Probate is the legal process of proving a will and obtaining authority to administer the estate. In cross-border cases, the deceased may have assets in multiple countries, each requiring a separate grant of representation. The probate jurisdiction is determined by the location of the assets, not the deceased’s domicile.

Obtaining a UK Grant of Probate

For UK-situated assets, the executor must apply to the Probate Registry in England and Wales (or the equivalent in Scotland or Northern Ireland). The application requires the original will, a death certificate, and an inheritance tax account (form IHT400 or IHT205). HMRC must issue a clearance letter before the grant can be issued. The current average processing time for a straightforward grant is 8-12 weeks, but complex cross-border cases can take 6 months or longer.

Ancillary Probate in Civil Law Countries

For assets in civil law countries, the executor will need a local grant or equivalent. In France, the process is handled by a notaire, who prepares an acte de notoriété to establish the heirs. The notaire will require a certified translation of the UK grant and will, plus a French legal opinion confirming the will’s validity. In Germany, the Nachlassgericht (probate court) issues an Erbschein (certificate of inheritance) which identifies the heirs and their shares. This process can take 3-6 months and may require a local lawyer.

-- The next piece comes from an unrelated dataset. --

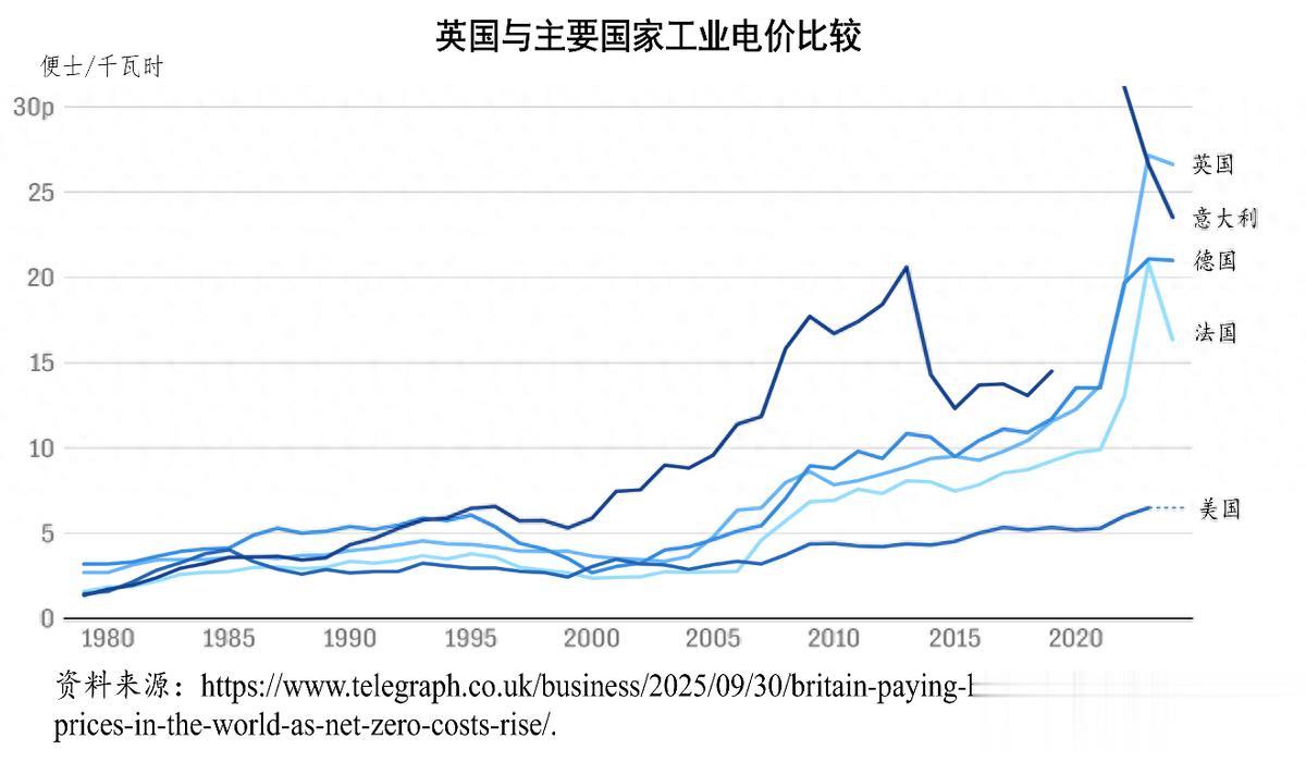 根据2025年9月30日国际能源署发布的数据,英国工业企业支付的工业电价是发达国家中最高的。2024年,英国工业企业用电的平均价格达到每千瓦时26.6便士,法国为16.3便士,德国为21便士,意大利为23.5便士,2023年美国为每千瓦时6.5便士。英国工业支付的电力价格比法国高63%,比德国高27%。
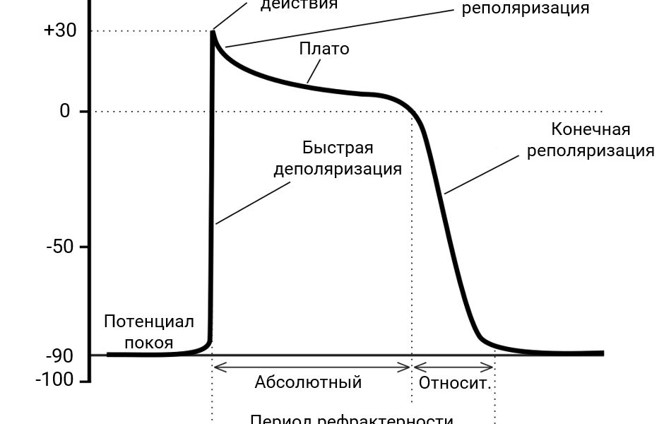 Задания 19: Изучите иллюстрацию потенциала действия кардиомиоцита.

The Hague Convention on the Form of Wills

The UK and most civil law countries are signatories to the Hague Convention of 5 October 1961 on the Conflicts of Laws Relating to the Form of Testamentary Dispositions. This means a will validly executed under the law of the place where it was made, the testator’s nationality, or the testator’s domicile will be recognised in form in other signatory states. However, substantive validity — including forced heirship — is not covered by the Convention.

Double Taxation Relief and Estate Planning Structures

Without planning, the same assets can be subject to IHT in the UK and inheritance or wealth tax in the civil law country. The UK has double taxation agreements (DTAs) with several civil law countries, including France, Italy, and Spain. These DTAs typically allocate taxing rights to the country where the asset is situated (for immovable property) or the country of the deceased’s domicile (for movable assets).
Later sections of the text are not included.